Quando isso não acontece, a marca já nasce com ruídos que podem comprometer toda a estratégia de branding. E não adianta usar como argumento aquele nome “esquisito” de refrigerante ou carro que existe há quase um século (ou até mais): criar uma marca nova neste mundo em constante transformação e com alto nível de competitividade exige cuidados muito diferentes, e qualquer erro pode ser fatal!

Criatividade com propósito

Um dos maiores desafios do naming é equilibrar criatividade e clareza. Um nome pode ser original, mas se não comunicar nada relevante, perde sua força.

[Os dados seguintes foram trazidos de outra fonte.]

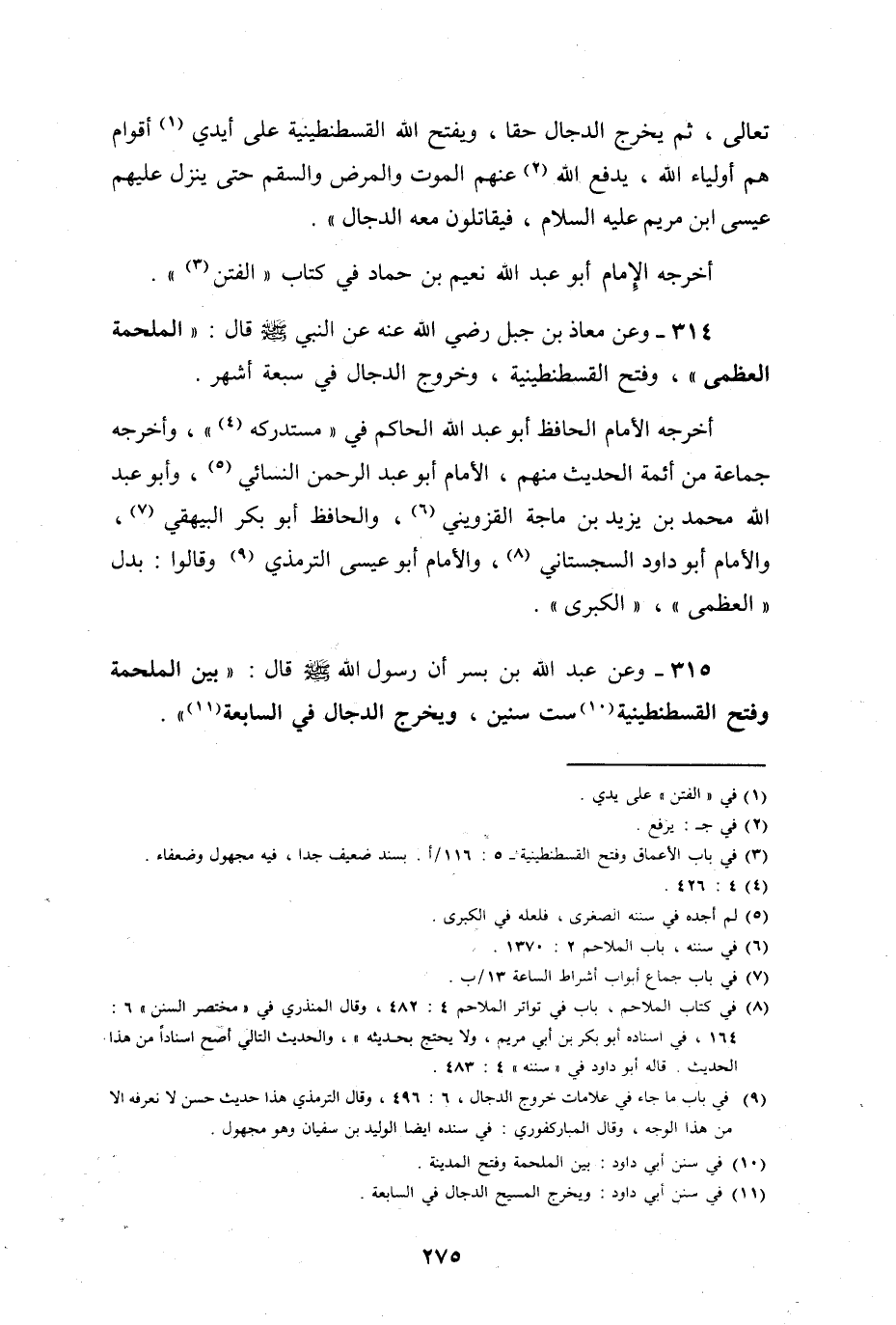 وعن عبد الله بن بسر أن رسول الله صلى الله عليه وسلم قال: " بين الملحمة وفتح القسطنطينية ست سنين، ويخرج الدجال في السابعة ".

Por outro lado, nomes excessivamente descritivos ou formais podem soar genéricos e pouco memoráveis.

Para que uma equipe de naming consiga encontrar o ponto de equilíbrio é necessário muita pesquisa, repertório e compreensão profunda do mercado em que a empresa atua, bem como seu público-alvo.

Disponibilidade e viabilidade jurídica

De que adianta pensar em um nome super criativo e inovador se já tem site com esse nome, marca existente (mesmo que pouco conhecida) e perfis nas redes sociais com o “arroba” perfeito já tomado?

Pois é.

A disponibilidade é um obstáculo comum que precisa ser levado em consideração. Em um cenário saturado de marcas, domínios e perfis sociais, muitos nomes interessantes já estão registrados. Isso torna o processo mais complexo, pois exige verificar questões legais, checar concorrentes e garantir que o nome escolhido possa ser usado sem riscos. É uma etapa técnica, mas essencial para evitar problemas futuros.

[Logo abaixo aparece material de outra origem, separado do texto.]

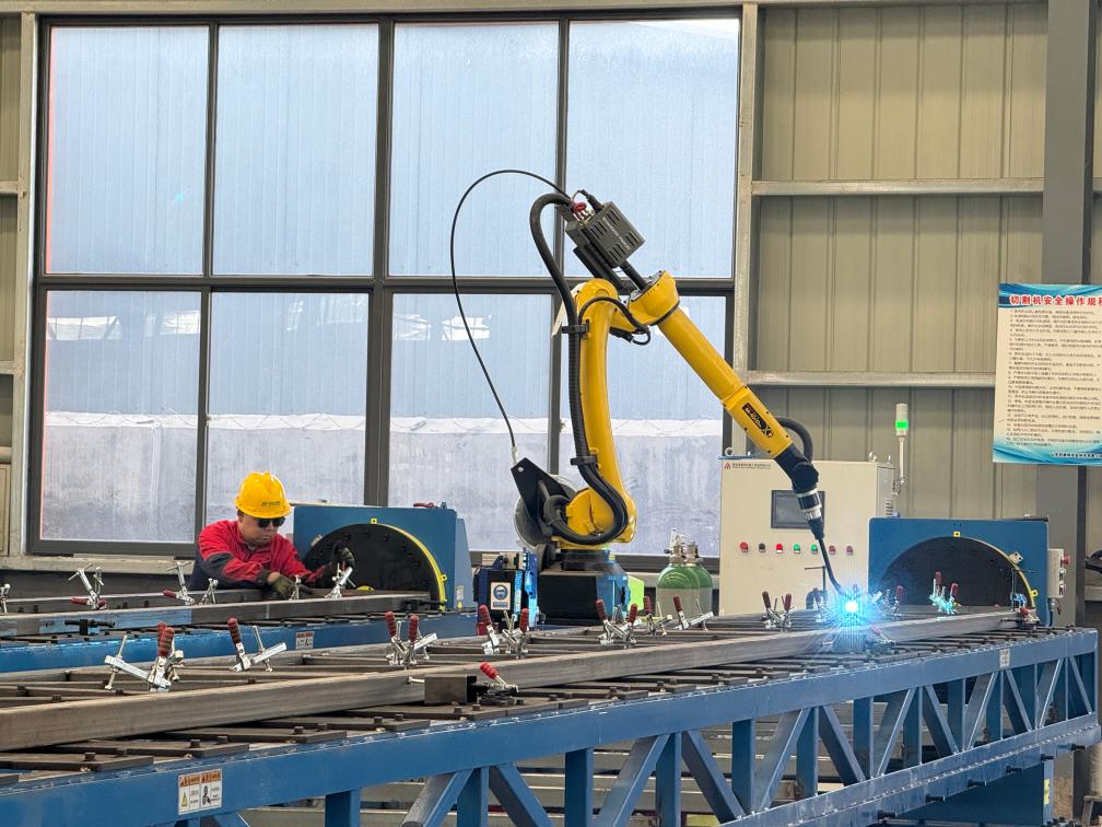 “我们的研发团队以实施多品种、差同化、绿色化、精细化为开辟方针,图为山东利森特农业科技无限公司出产车间激光焊接机械人工做画面。

Coerência com a estratégia de branding

É nessa hora que você percebe que Naming e Branding caminham juntos. O nome deve se integrar naturalmente à identidade visual, ao tom de voz e ao posicionamento da marca. Quando há coerência entre esses elementos, a marca se torna mais forte, mais reconhecível e mais fácil de ser lembrada. Por isso, o processo de naming não deve ser isolado, mas parte de uma construção estratégica maior.

Se a marca deseja ser séria e formal, não pode ter um nome muito diferente e bem-humorado. Se a marca deseja se conectar com o jovem e usar fontes divertidas no logo, talvez um nome tradicional não seja a melhor ideia.

Etapa importante: testes e validação com o público

Mesmo um nome tecnicamente perfeito pode não funcionar se não ressoar com as pessoas certas. Pensando nisso, é uma boa ideia testar alternativas, ouvir percepções e validar hipóteses com o público. Esta é uma etapa que muitas empresas ignoram, mas que faz toda a diferença, e pode ser feita tanto de maneira tradicional e profissional, quanto apenas por meio de consultas a pessoas próximas no caso de restrições orçamentárias.

A reação do público ajuda a identificar nuances que passam despercebidas internamente e evita escolhas baseadas apenas em preferências pessoais.

Naming é estratégia, não é sorte

O processo de criar o melhor nome para uma empresa exige método, sensibilidade e visão de longo prazo. Não se trata de encontrar uma palavra aleatória, mas de construir um ativo de marca que represente a essência do negócio e abra portas para o crescimento.

Lembre-se: não dá pra querer criar uma marca como se criava há um século, quando as marcas eram poucas. Hoje em dia, as pessoas são inundadas por marcas a todo instante: os nomes precisam ser memoráveis e conectados com a lógica da marca. Quando bem-feito, o naming se torna um dos pilares mais sólidos do branding e contribui para que a marca se destaque em um mercado cada vez mais competitivo.